=== REQUIRED WORK ===
Up to and including the line holding "lace-trimmed bib frames", write out the data exactly from its first line, but not the pictures.

== SUPPLIED INFORMATION

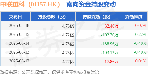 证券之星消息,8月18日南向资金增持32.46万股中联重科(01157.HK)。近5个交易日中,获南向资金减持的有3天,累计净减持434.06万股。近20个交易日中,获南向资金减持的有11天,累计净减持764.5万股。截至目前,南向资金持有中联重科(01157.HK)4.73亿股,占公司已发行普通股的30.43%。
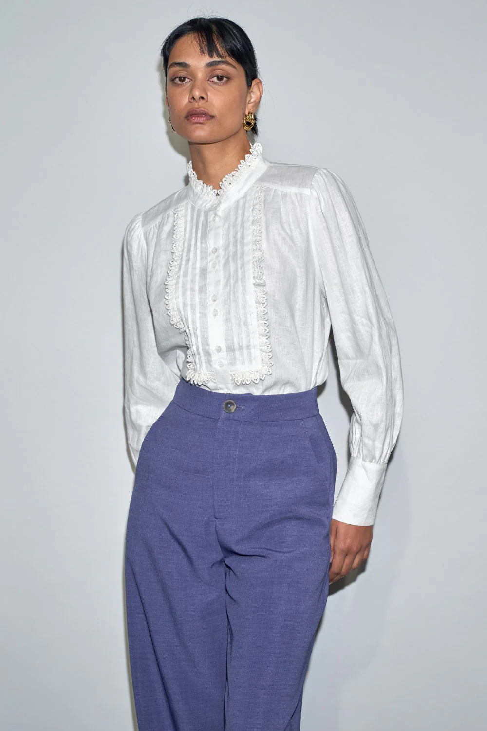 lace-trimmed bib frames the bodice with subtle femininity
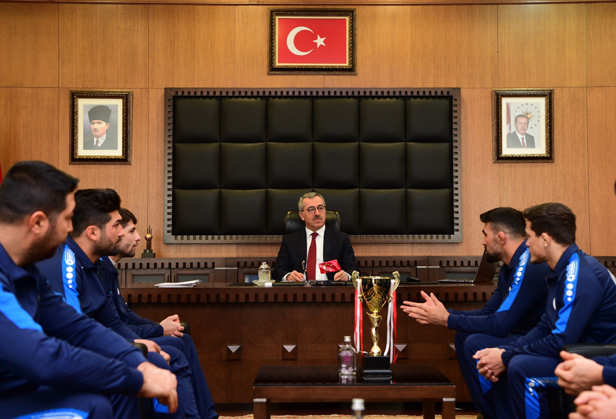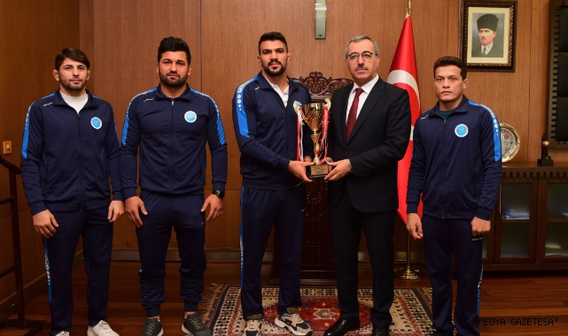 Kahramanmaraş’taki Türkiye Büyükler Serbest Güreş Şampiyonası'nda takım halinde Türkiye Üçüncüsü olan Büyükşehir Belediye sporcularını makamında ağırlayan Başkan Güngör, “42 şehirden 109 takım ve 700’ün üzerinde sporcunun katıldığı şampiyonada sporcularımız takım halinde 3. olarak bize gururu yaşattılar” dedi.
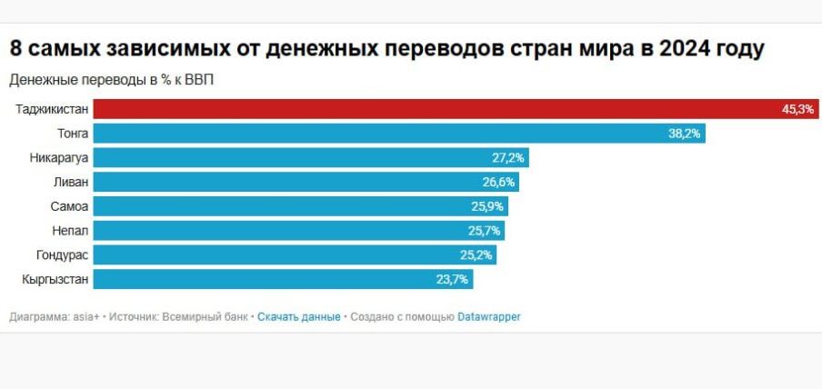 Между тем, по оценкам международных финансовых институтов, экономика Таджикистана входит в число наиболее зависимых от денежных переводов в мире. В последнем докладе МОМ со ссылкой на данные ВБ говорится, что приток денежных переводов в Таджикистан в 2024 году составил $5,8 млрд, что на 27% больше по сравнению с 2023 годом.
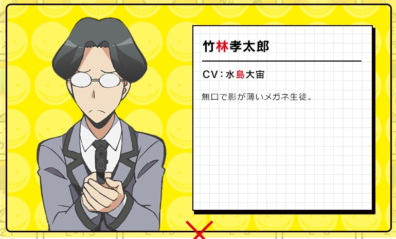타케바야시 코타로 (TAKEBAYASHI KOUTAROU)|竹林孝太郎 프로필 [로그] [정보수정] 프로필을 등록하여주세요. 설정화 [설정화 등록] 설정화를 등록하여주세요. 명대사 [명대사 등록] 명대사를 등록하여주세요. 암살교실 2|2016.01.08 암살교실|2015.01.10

====

=== EXERCISE RESULT ===
 证券之星消息,8月18日南向资金增持32.46万股中联重科(01157.HK)。近5个交易日中,获南向资金减持的有3天,累计净减持434.06万股。近20个交易日中,获南向资金减持的有11天,累计净减持764.5万股。截至目前,南向资金持有中联重科(01157.HK)4.73亿股,占公司已发行普通股的30.43%。
 lace-trimmed bib frames the bodice with subtle femininity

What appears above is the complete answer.